--- Material supplied Enclosed Below ---

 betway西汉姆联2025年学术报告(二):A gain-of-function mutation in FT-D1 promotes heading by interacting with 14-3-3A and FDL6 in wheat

--- End of Enclosed Material supplied ---
--- Material supplied Enclosed Below ---

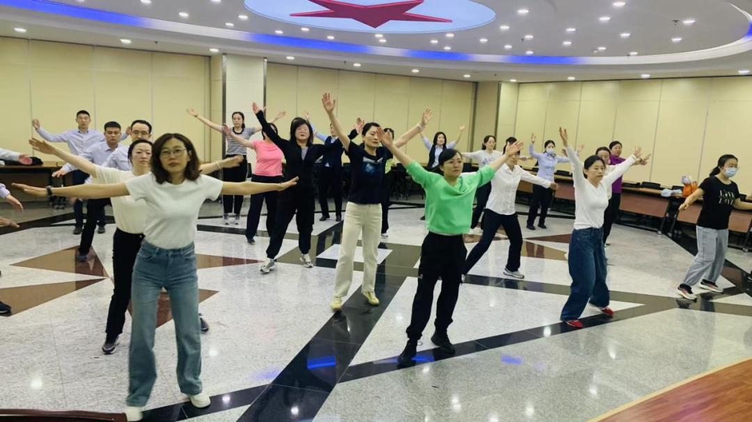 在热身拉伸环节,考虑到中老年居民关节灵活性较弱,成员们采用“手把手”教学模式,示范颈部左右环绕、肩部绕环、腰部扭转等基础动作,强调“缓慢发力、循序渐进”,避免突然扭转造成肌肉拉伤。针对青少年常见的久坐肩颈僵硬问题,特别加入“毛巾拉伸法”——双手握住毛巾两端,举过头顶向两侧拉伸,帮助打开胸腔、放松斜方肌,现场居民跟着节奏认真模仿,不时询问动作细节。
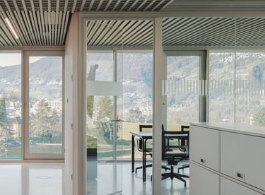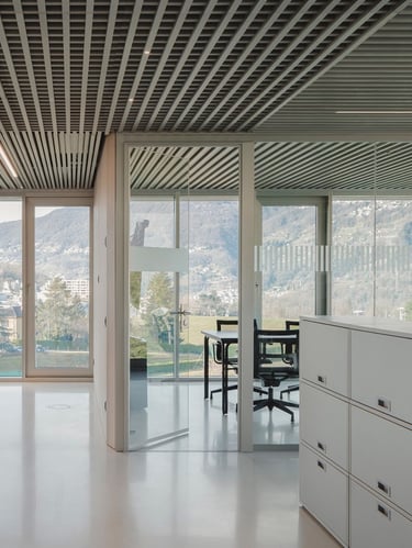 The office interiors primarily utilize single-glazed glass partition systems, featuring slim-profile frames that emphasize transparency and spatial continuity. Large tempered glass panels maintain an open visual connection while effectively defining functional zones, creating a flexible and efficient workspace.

--- End of Enclosed Material supplied ---
--- Material supplied Enclosed Below ---

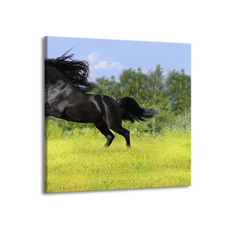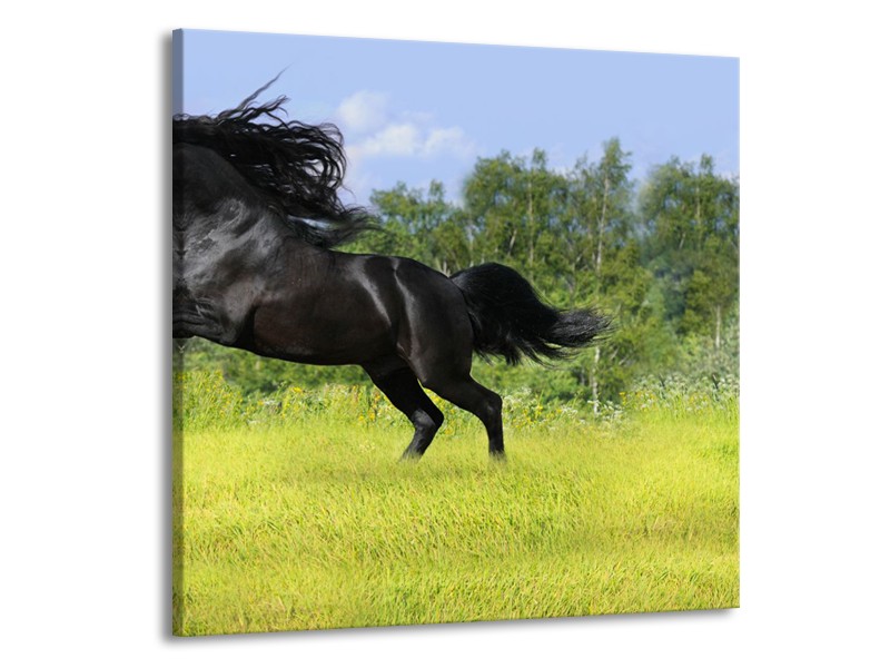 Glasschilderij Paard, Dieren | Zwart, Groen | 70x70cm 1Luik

--- End of Enclosed Material supplied ---

Activity: In the entries above, find the line with "在热身拉伸环节,考虑到中老年" and the line with "The office interiors". Write out exactly those two lines and every line between them, pictures excluded.

Problem solution:
 在热身拉伸环节,考虑到中老年居民关节灵活性较弱,成员们采用“手把手”教学模式,示范颈部左右环绕、肩部绕环、腰部扭转等基础动作,强调“缓慢发力、循序渐进”,避免突然扭转造成肌肉拉伤。针对青少年常见的久坐肩颈僵硬问题,特别加入“毛巾拉伸法”——双手握住毛巾两端,举过头顶向两侧拉伸,帮助打开胸腔、放松斜方肌,现场居民跟着节奏认真模仿,不时询问动作细节。
 The office interiors primarily utilize single-glazed glass partition systems, featuring slim-profile frames that emphasize transparency and spatial continuity. Large tempered glass panels maintain an open visual connection while effectively defining functional zones, creating a flexible and efficient workspace.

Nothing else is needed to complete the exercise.